● **Available records**:
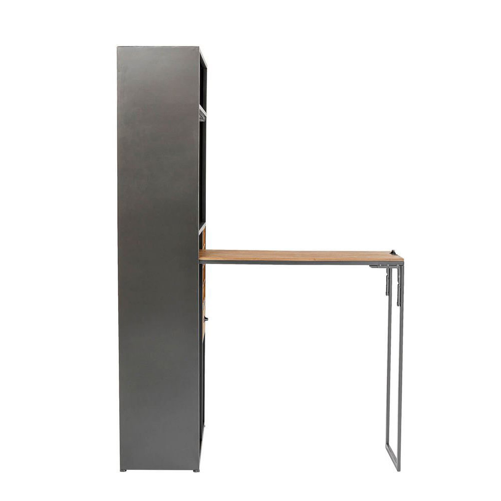 Dank eines einzigen Griffs lässt sich die rustikale Tischplatte aus Tannenholz mühelos als Bartresen ausklappen. Für Barkeeper, die Ordnung lieben, bietet dieses Stahlregal Schienen zum Aufhängen von Stielgläsern, Flaschenfächer und eine praktische Schublade. Die lebendige Holzmaserung kombiniert mit dem anthrazitfarbenen Korpus zelebrieren den angesagten Loft-Stil. Dieser Bartresen ist ein wahres Unikat und wurde liebevoll handgefertigt.
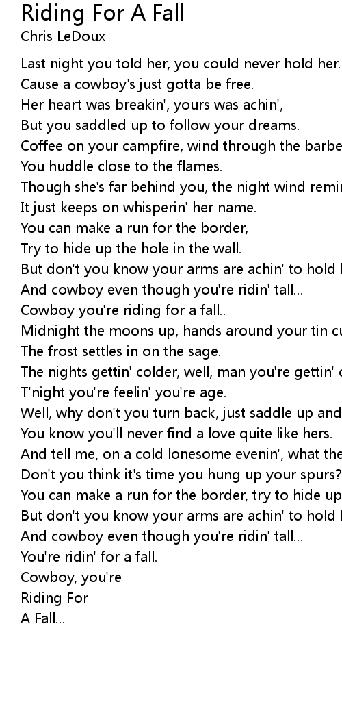 Cowboy you're riding for a fall.. |
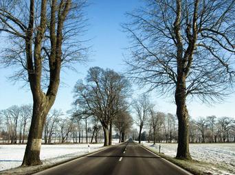 Keywords: road tree lined avenue winter brandenburg landscape snow
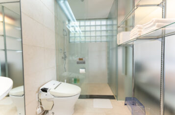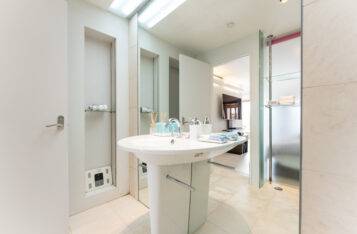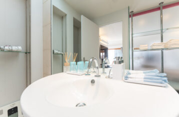 展望風呂&シャワールーム付きで、混雑を気にせず快適。
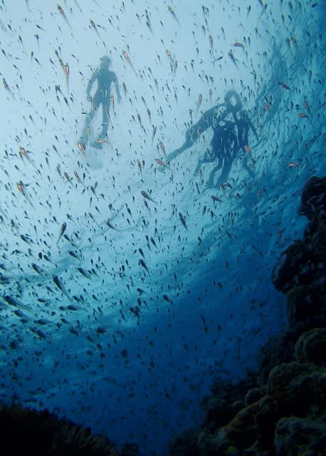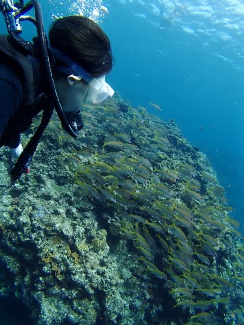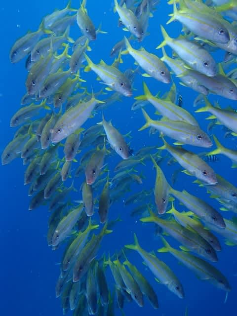 水中はたっくさんのノコギリダイとアカヒメジの群れ
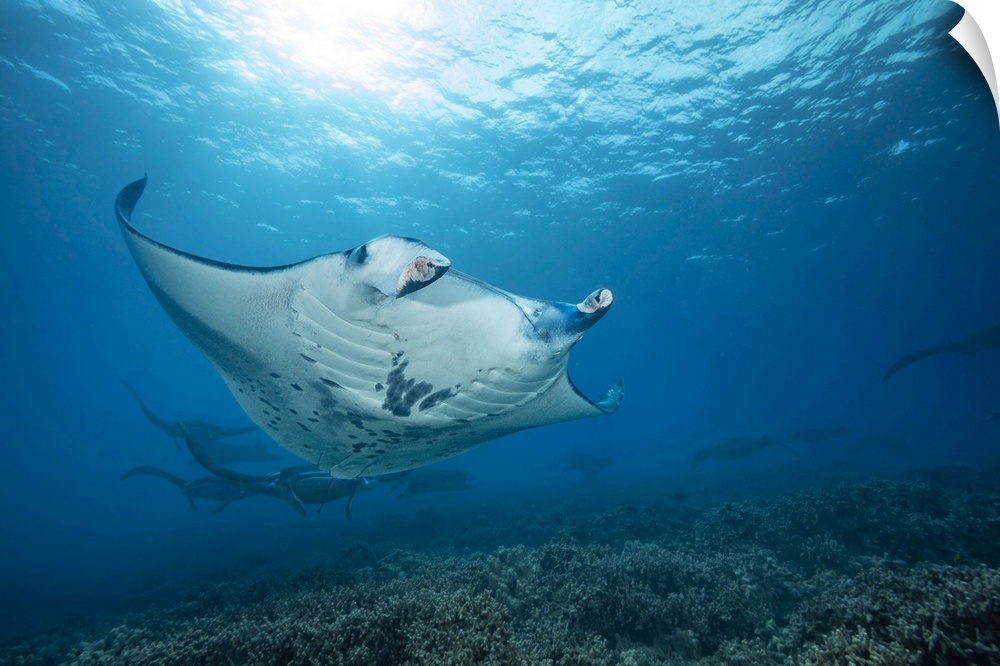 <p>Reef manta rays (manta alfredi) cruise over the shallows off Ukumehame in a mating train. The female is in the foreground and leads this procession, Maui, Hawaii, united states of America.</p>
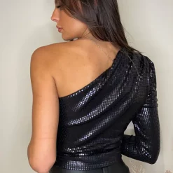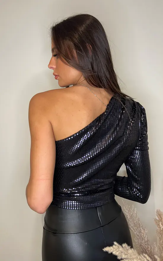 One Shoulder Long sleeve Black Sequin Top/Bodysuit is perfect occasion top for going out, party, night out, cocktails party. Sparkly Bodysuit for Christmas.
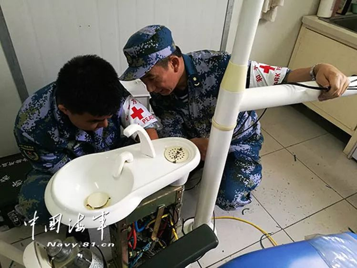 ▲和平方舟设备维修分队赴盖瑞胡医院进行牙科设备维修。
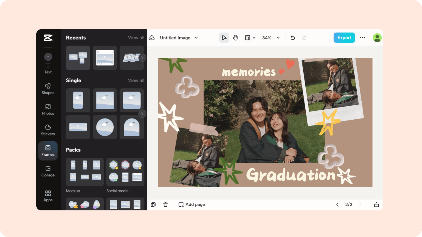 写真にフレームを追加: CapCutを使って写真に芸術的なタッチを加えよう。
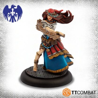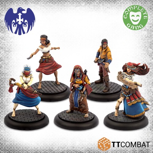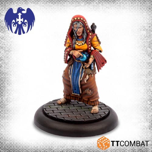 Les Romani sont tout ce que les Strigoi ne sont pas, et cet ensemble ne fait pas exception ! Avec cinq mages, c’est une boîte variée. La Blood Crone dirige ce gang et, bien que lente, elle utilise une multitude de sorts magiques. Deux Roms l’accompagnent
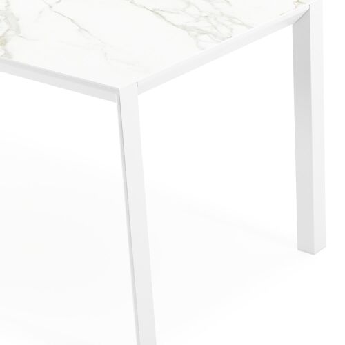 Calacatta is een tafelblad met witte basis die afgewerkt is met grijze aders voor een karakteristieke marmerlook.
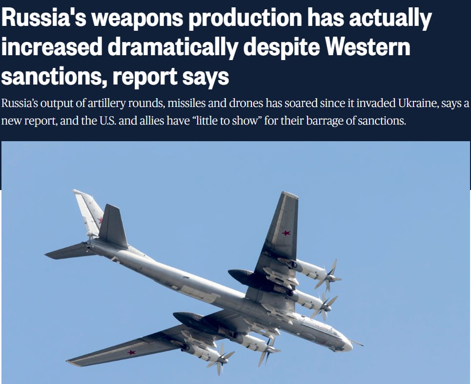 "Таким образом, несмотря на усердные усилия многих государственных служащих, подкрепленные политической волей подорвать российское военно-промышленное производство, это мало что дало", – такой вывод делается в отчете.
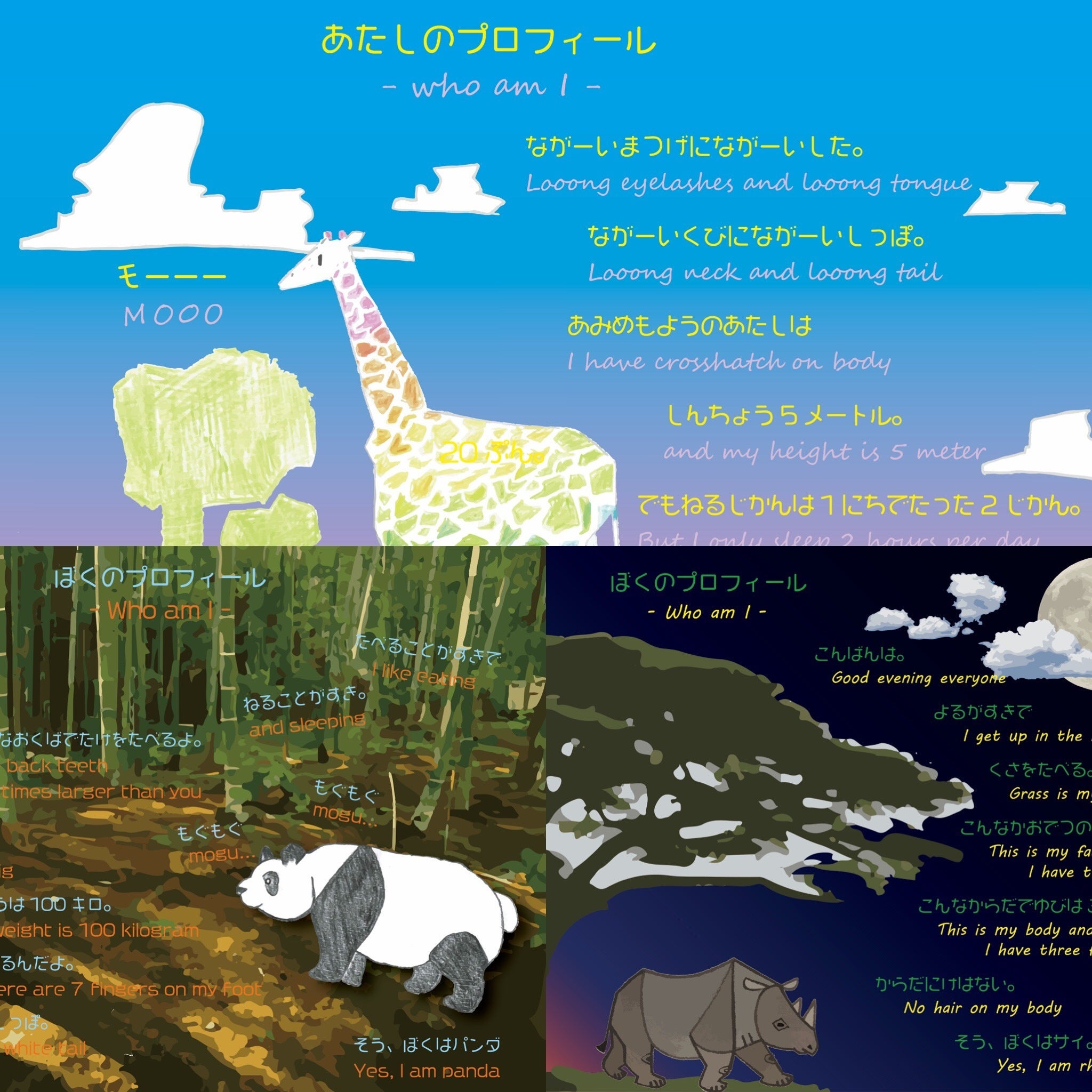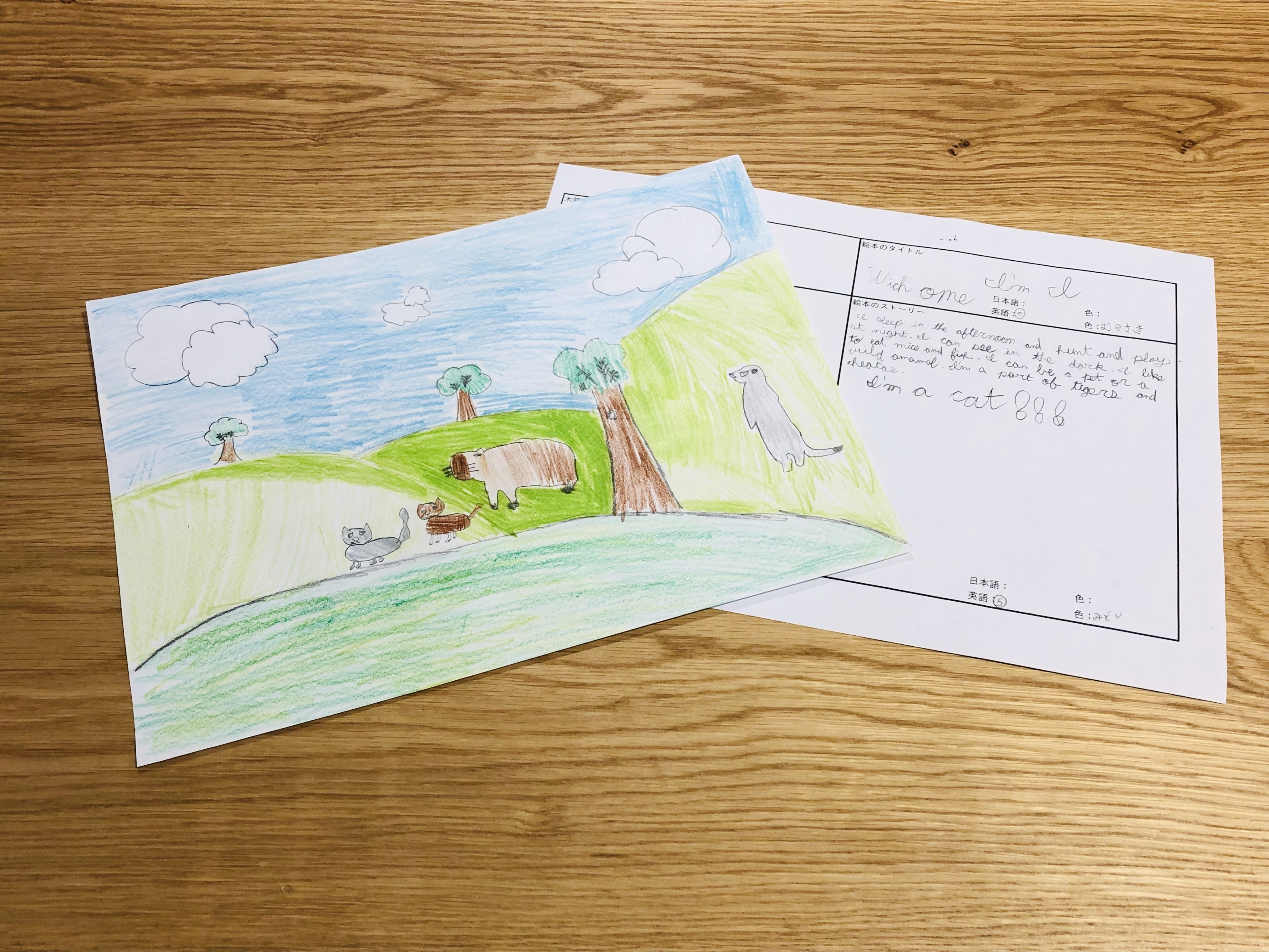 これは教室の子どもが描いた絵とオリジナルストーリー。
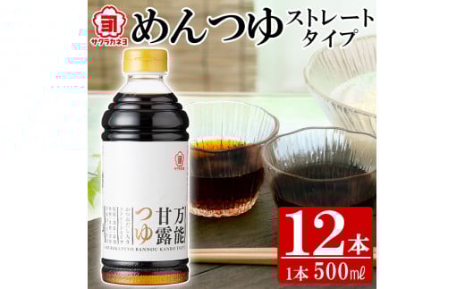 万能甘露つゆ(めんつゆ ストレート タイプ) 500ml×12本 !国産 九州産 鹿児島県産 万能調味料 めんつゆ ストレート お料理の味付けにもオススメ!【A-341H】
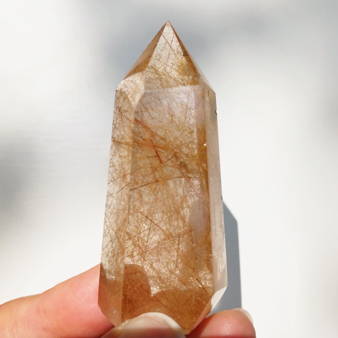 ボディ自体の透明度が高いため、太陽光が差し込むと、内部までルチルが美しく煌めきます。

● **The task**:
Print the material above verbatim, no images.

● **Final answer**:
 Dank eines einzigen Griffs lässt sich die rustikale Tischplatte aus Tannenholz mühelos als Bartresen ausklappen. Für Barkeeper, die Ordnung lieben, bietet dieses Stahlregal Schienen zum Aufhängen von Stielgläsern, Flaschenfächer und eine praktische Schublade. Die lebendige Holzmaserung kombiniert mit dem anthrazitfarbenen Korpus zelebrieren den angesagten Loft-Stil. Dieser Bartresen ist ein wahres Unikat und wurde liebevoll handgefertigt.
 Cowboy you're riding for a fall.. |
 Keywords: road tree lined avenue winter brandenburg landscape snow
 展望風呂&シャワールーム付きで、混雑を気にせず快適。
 水中はたっくさんのノコギリダイとアカヒメジの群れ
 <p>Reef manta rays (manta alfredi) cruise over the shallows off Ukumehame in a mating train. The female is in the foreground and leads this procession, Maui, Hawaii, united states of America.</p>
 One Shoulder Long sleeve Black Sequin Top/Bodysuit is perfect occasion top for going out, party, night out, cocktails party. Sparkly Bodysuit for Christmas.
 ▲和平方舟设备维修分队赴盖瑞胡医院进行牙科设备维修。
 写真にフレームを追加: CapCutを使って写真に芸術的なタッチを加えよう。
 Les Romani sont tout ce que les Strigoi ne sont pas, et cet ensemble ne fait pas exception ! Avec cinq mages, c’est une boîte variée. La Blood Crone dirige ce gang et, bien que lente, elle utilise une multitude de sorts magiques. Deux Roms l’accompagnent
 Calacatta is een tafelblad met witte basis die afgewerkt is met grijze aders voor een karakteristieke marmerlook.
 "Таким образом, несмотря на усердные усилия многих государственных служащих, подкрепленные политической волей подорвать российское военно-промышленное производство, это мало что дало", – такой вывод делается в отчете.
 これは教室の子どもが描いた絵とオリジナルストーリー。
 万能甘露つゆ(めんつゆ ストレート タイプ) 500ml×12本 !国産 九州産 鹿児島県産 万能調味料 めんつゆ ストレート お料理の味付けにもオススメ!【A-341H】
 ボディ自体の透明度が高いため、太陽光が差し込むと、内部までルチルが美しく煌めきます。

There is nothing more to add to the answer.